I'm one of the mamas who doesn't DTD with our child in bed (then again, she's almost 6) but I hardly even mention to anyone that we co-sleep let alone if we did DTD while cosleeping. People are wacked out enough about *just* cosleeping around here I would just keep the sex stuff to myself. Then, I tend to be a tad tin foil hat about CPS because of all the things we do that are 'against the grain'.

Quote:


> Originally Posted by *Sfcmama*
> 
> Back again with another thought that I couldn't let go of after my last post... Hope I'm not hijacking thread but feel like people will be honest and nonjudgmental here.
> 
> So... What about DTD, ahem, solo in the family bed? We have dd in a sidecar and I used to feel fine with it when she was younger but now reserve my "special alone time" for the shower. That being said, I think I would've totally freaked out if I walked in on DH doing the solo deed with dd in the room - double standard, I know, but just not right to me with the gender difference, KWIM?
> 
> Whew, thanks! Just had to get that thought out there, even if no one responds.


For me, if dh did that with dd in the room, I would f u r e a k o u t to like an insane degree. I trust my husband 1000% but he knows I am a survivor of sexual abuse and there are huge triggers with me surrounding certain things. In fact, suncosciously that may be even partially why we don't even have sex while cosleeping (never thought about that aspect much). However, the "solo" thing would send me triggered so bad and I know dh knows that so he would never do that. I wouldn't either, likely for the same reasons.

I'm not making judgments, just sayin' *for us*, given my particular abusive past and comfort level it wouldn't be okay.


----------



## treeoflife3

yes, someone probably would call CPS. You'd be hard pressed to prove your baby was in bed right next to you while you were having sex just because that is where the baby sleeps. The biggest question people have who don't understand co sleeping is 'but what about sex' and the answer is always 'the bed isn't the only place you have to have it.' I'm sincerely shocked that there are co sleeping families who have no qualms with sex right next to their baby. It is making ME very uncomfortable so yeah... if you are having sex with a baby in your bed you aren't going to want to tell anyone. sex and babies don't mix other than when making one.

Quote:


> Originally Posted by *Ldavis24*
> 
> Out of curiosity am I the only one here who NEVER EVER mentions this to anyone (besides you MDC mamas). It's not that I think there is a single thing wrong with DTD next to a sleeping LO but what does concern me could the possible reaction of someone else. Like freaking out and telling other people or in the off chance some random person I barely know heard about it (I don't know how that would happen exactly since I don't walk around talking about my sex life constantly) and called CPS or something. Crazier things have happened.


----------



## peainthepod

Quote:


> Originally Posted by *treeoflife3*
> 
> yes, someone probably would call CPS. You'd be hard pressed to prove your baby was in bed right next to you while you were having sex just because that is where the baby sleeps. The biggest question people have who don't understand co sleeping is 'but what about sex' and the answer is always 'the bed isn't the only place you have to have it.' I'm sincerely shocked that there are co sleeping families who have no qualms with sex right next to their baby. It is making ME very uncomfortable so yeah... if you are having sex with a baby in your bed you aren't going to want to tell anyone. sex and babies don't mix other than when making one.

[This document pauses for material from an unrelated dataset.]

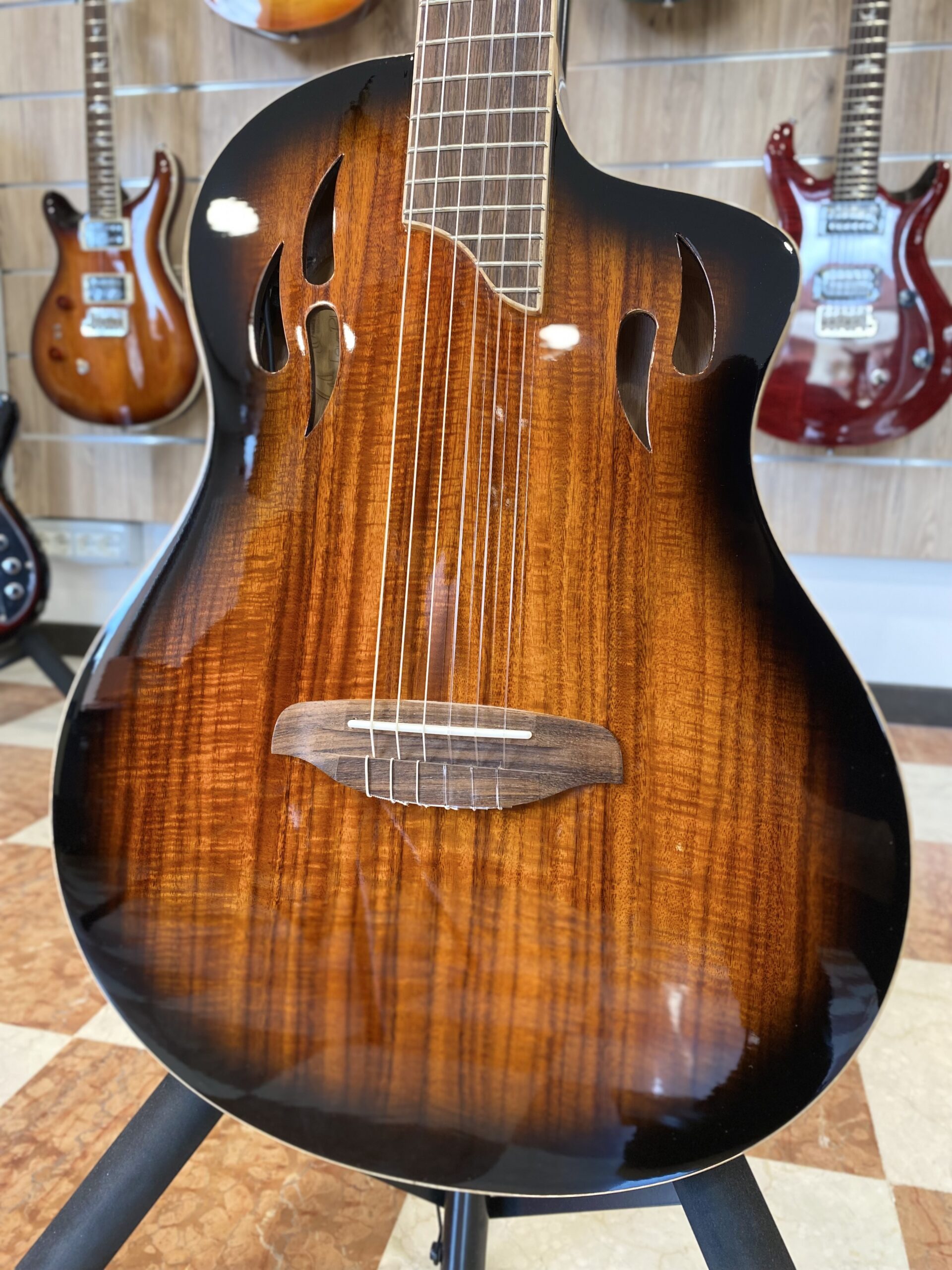 La rivoluzionaria chitarra elettrica a corde di nylon TourPlayer è progettata per le esibizioni dal vivo, offrendo il calore e la risonanza autentica di una chitarra classica in nylon, eliminando al contempo i problemi di feedback. Scopri un mondo di possibilità sonore che non avresti mai immaginato su una chitarra in nylon. La TourPlayer combina la bellezza delle corde in nylon con la potenza e l’emozione di una chitarra elettrica, offrendo innovazione al massimo livello.

I think this post was very brave. It's never a popular response in this kind of thread but I happen to completely agree. The thought of two adults having sex in the same bed as a child, even if the child is asleep, makes me very uncomfortable.









(The "But other cultures do it!" argument doesn't really fly with me, since other cultures do lots of things that ours doesn't. That's what makes them, you know, other cultures. It's not really relevant to us in the here and now.)


----------



## Super~Single~Mama

Quote:


> Originally Posted by *Tumble Bumbles*
> 
> For me, if dh did that with dd in the room, I would f u r e a k o u t to like an insane degree. I trust my husband 1000% but he knows I am a survivor of sexual abuse and there are huge triggers with me surrounding certain things. In fact, suncosciously that may be even partially why we don't even have sex while cosleeping (never thought about that aspect much). However, the "solo" thing would send me triggered so bad and I know dh knows that so he would never do that. I wouldn't either, likely for the same reasons.
> 
> I'm not making judgments, just sayin' *for us*, given my particular abusive past and comfort level it wouldn't be okay.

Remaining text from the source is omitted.